* [PROBLEM REQUIREMENTS] In your reply, print every line of the listing exactly and omit all images.

________________

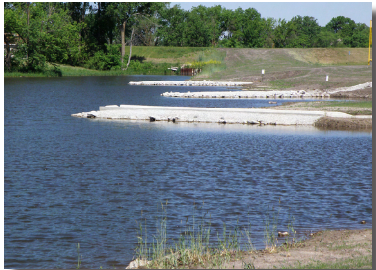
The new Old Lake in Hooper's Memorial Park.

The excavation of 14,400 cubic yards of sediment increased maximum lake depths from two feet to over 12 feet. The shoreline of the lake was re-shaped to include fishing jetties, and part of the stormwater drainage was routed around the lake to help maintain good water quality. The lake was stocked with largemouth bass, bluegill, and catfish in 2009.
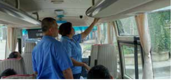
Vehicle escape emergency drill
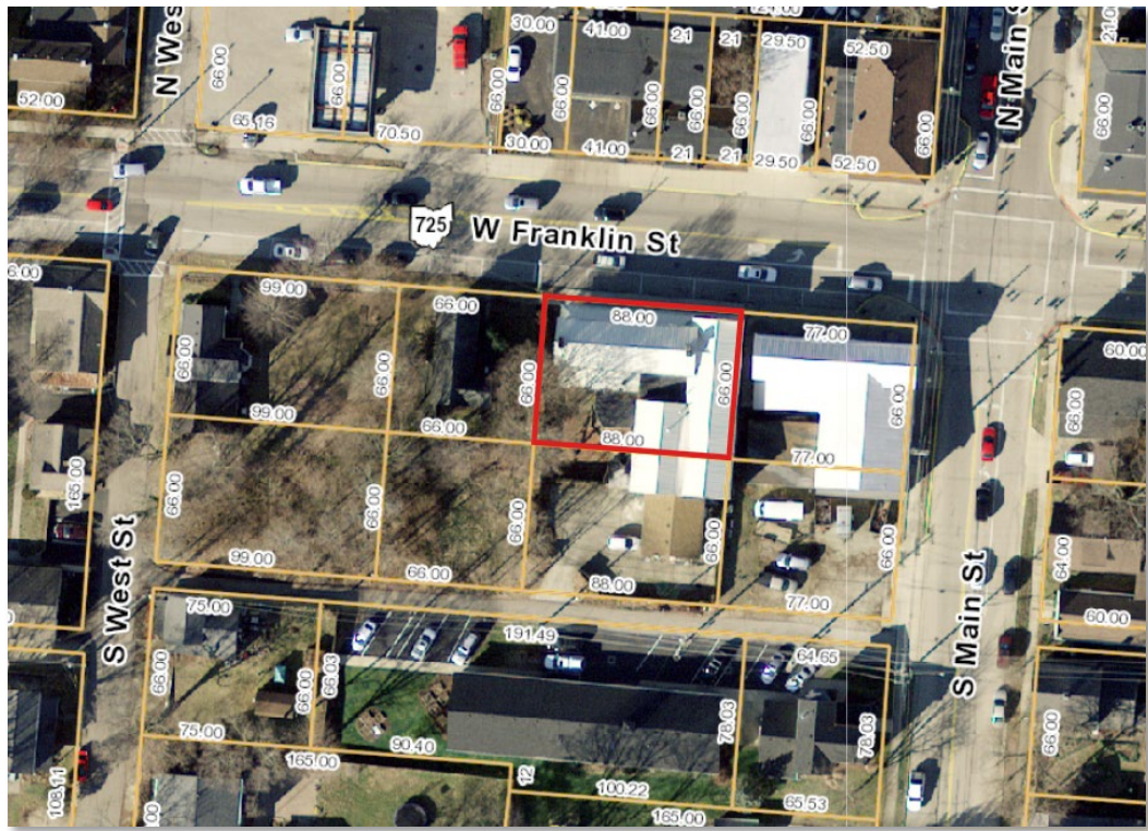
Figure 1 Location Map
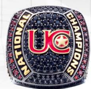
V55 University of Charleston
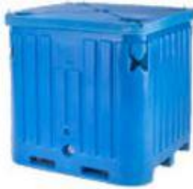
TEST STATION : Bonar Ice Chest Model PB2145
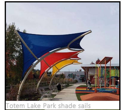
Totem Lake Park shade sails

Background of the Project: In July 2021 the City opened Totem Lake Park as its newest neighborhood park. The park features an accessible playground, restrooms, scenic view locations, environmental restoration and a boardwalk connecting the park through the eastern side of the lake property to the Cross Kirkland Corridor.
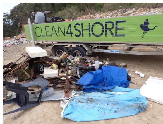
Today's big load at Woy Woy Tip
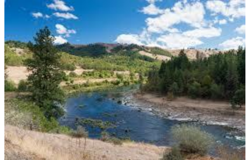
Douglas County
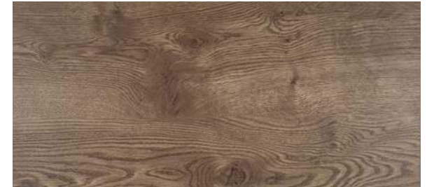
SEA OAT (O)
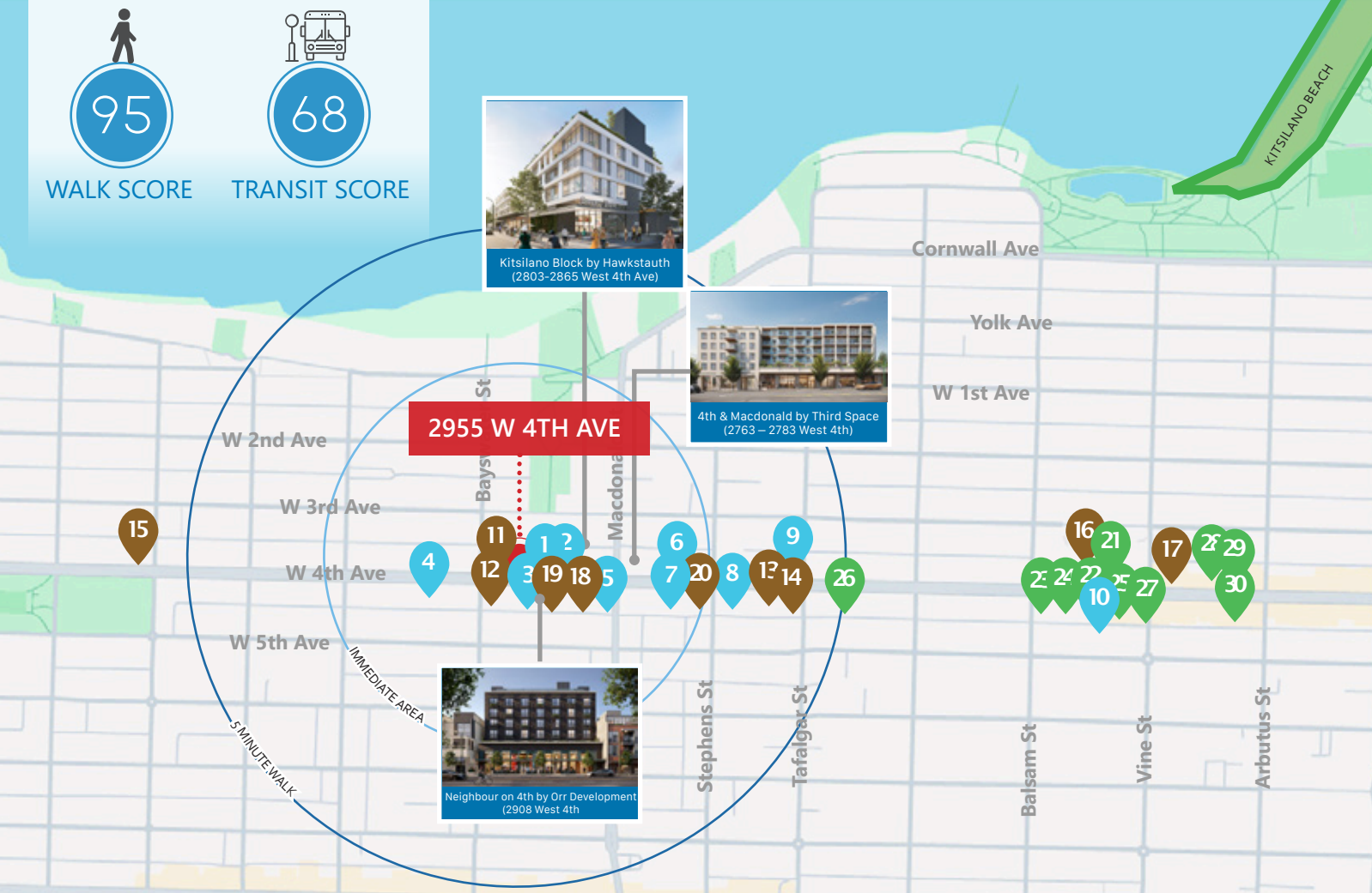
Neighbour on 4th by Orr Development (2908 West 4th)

________________

* [PROBLEM SOLUTION]
The new Old Lake in Hooper's Memorial Park.

The excavation of 14,400 cubic yards of sediment increased maximum lake depths from two feet to over 12 feet. The shoreline of the lake was re-shaped to include fishing jetties, and part of the stormwater drainage was routed around the lake to help maintain good water quality. The lake was stocked with largemouth bass, bluegill, and catfish in 2009.
Vehicle escape emergency drill
Figure 1 Location Map
V55 University of Charleston
TEST STATION : Bonar Ice Chest Model PB2145
Totem Lake Park shade sails

Background of the Project: In July 2021 the City opened Totem Lake Park as its newest neighborhood park. The park features an accessible playground, restrooms, scenic view locations, environmental restoration and a boardwalk connecting the park through the eastern side of the lake property to the Cross Kirkland Corridor.
Today's big load at Woy Woy Tip
Douglas County
SEA OAT (O)
Neighbour on 4th by Orr Development (2908 West 4th)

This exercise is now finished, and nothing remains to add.